My initial response
to the successful negotiation of
the Nenqay Demi Accord announced this February was highly positive, because I
viewed the Accord primarily from the perspective of the Chilcotin Supreme Court decision on aboriginal rights and its
application to the long-simmering conflict over the Prosperity Mine. My reasoning was as follows: the fact that a high bar had been set by the
Supreme Court, the Federal Cabinet, and the Environmental Reviews, meant that
the parties would be measured under the Accord by how well they adhered to eight mutually agreed –upon “Pillars of
Reconciliation”. (The Federal Government
would presumably be measured by these criteria as well.) Any economic project that cleared all of
these hurdles, I reasoned, would be something that the vast majority of the
community could agree upon and unite behind. But that was before someone
pointed out to me that the map for the territory being discussed in the Nenqay
Demi Accord was quite different from the
map that had been referred to by the Supreme Court ; and before I had reflected
upon Christy Clark’s motivation in rushing things to a conclusion.
The map for the Accord now includes Quesnel, plus the area west
of the Fraser River up to and including part of Tweedsmuir Park. This takes in land that other bands lay
claim to, and this could cause more
conflict than unity. Sure, no one’s
private property is being expropriated, but
we have an interest in public property, too.
The government should not use land claims as way of getting around
provincial park designation in order to
promote industrial development. And by
choosing a larger, more controversial map, the parties to this Accord are
creating the same problem that was the ‘dark side’ of the Nisga’a and Tsawwassen treaties: that of overlapping tribal claims.

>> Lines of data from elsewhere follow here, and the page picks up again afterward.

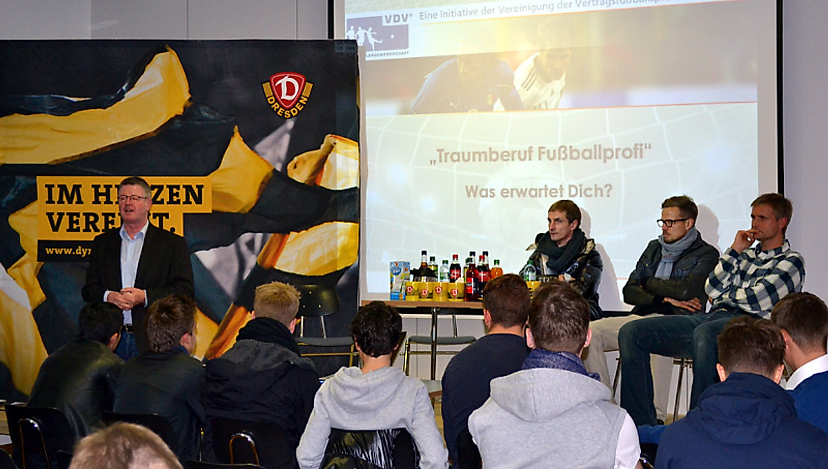 Am Anfang der Woche fand in der Dresdner Sportschule eine Informationsveranstaltung zum Thema „Traumberuf Fußballprofi“ statt. Auf Initiative vom Leiter des Nachwuchsleistungszentrums, Marcus Jahn, wurden die Nachwuchsspieler darüber unterrichtet, was sie als Fußballprofi erwarten kann. DFB-Laufbahncoach Frank Günzel und Vertreter der Vereinigung der Vertragsfußballspieler e.V. (VDV) wurde als Referent eingeladen und klärte zunächst die C-Jugendlichen über verschiedene Themen zum Profi-Dasein auf.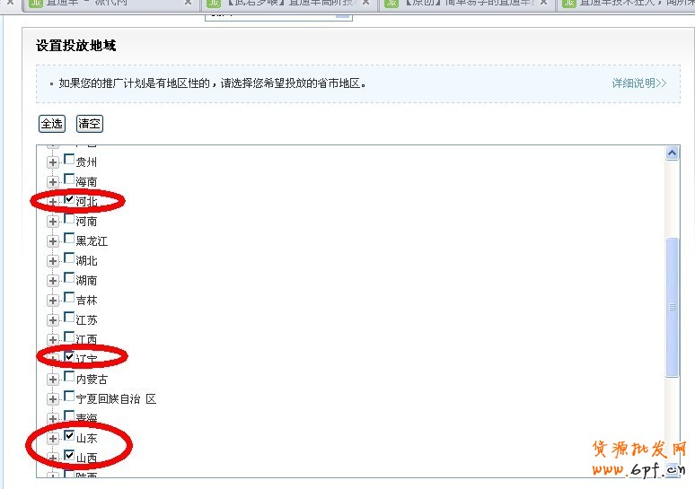 然后登陸直通車,找到產品所屬的推廣計劃,點擊設置地域,設置成只投放挑選出這幾個地域(記得還要把自己所在的省份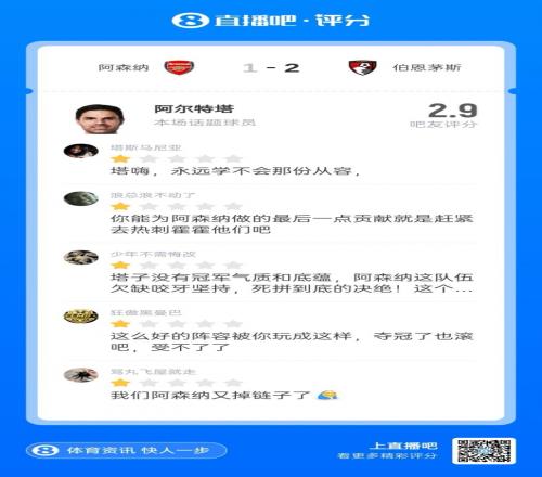 目前,已經(jīng)有超萬名吧友為阿森納主帥阿爾特塔評分,當前評分2.9分。五星評分9.8%、四星有0.8%、三星1.5%、二星2.2%,多達85.7%吧友評分1星。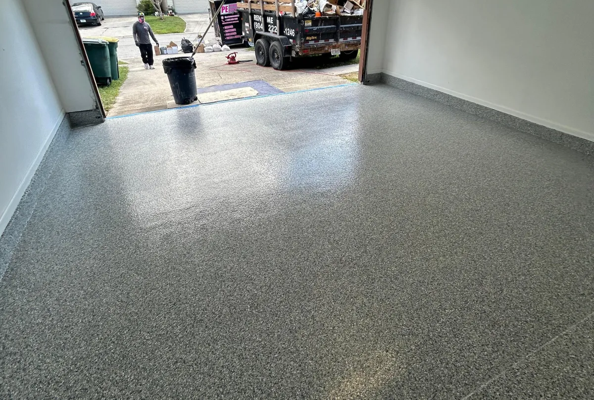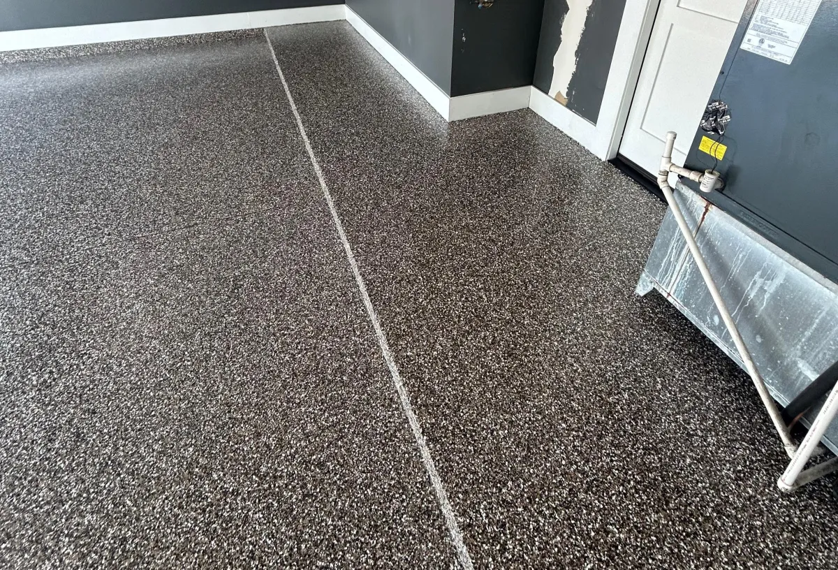 A multi-layered system comprising an epoxy base coat and vinyl flake chips, sealed with a polyaspartic or polyurethane topcoat. Water, stain, chip, and scratch-resistant — ideal for garages, patios, and busy commercial spaces.

The Ulkatcho, Bella Coola, and Redstone people must not be thrown under the bus
just to placate one First Nation and promote development for the next election.
Accordingly, it is
imperative that lands designated as ‘Category A’, which will be under exclusive Chilcotin control, must meet three conditions: (1) they should not be extended to areas
outside of the territory referred to in
the Supreme Court decision ; (2) they should not extend to lands subject to overlapping claims
by other First Nations; and (3) they
should not fall within the current boundaries of Tweedsmuir Park. Other lands may be designated as ‘Caretaker
areas’ which recognize the Chilcotin people as holding special rights and
responsibilities, but not to the exclusion of other parties. While
much work remains to be done (the precise location of ‘Category A’ and
‘Caretaker’ lands will be negotiated between now and 2020), that to me is the
bottom line, if the Nenqay Accord is to be worthy of broad public support.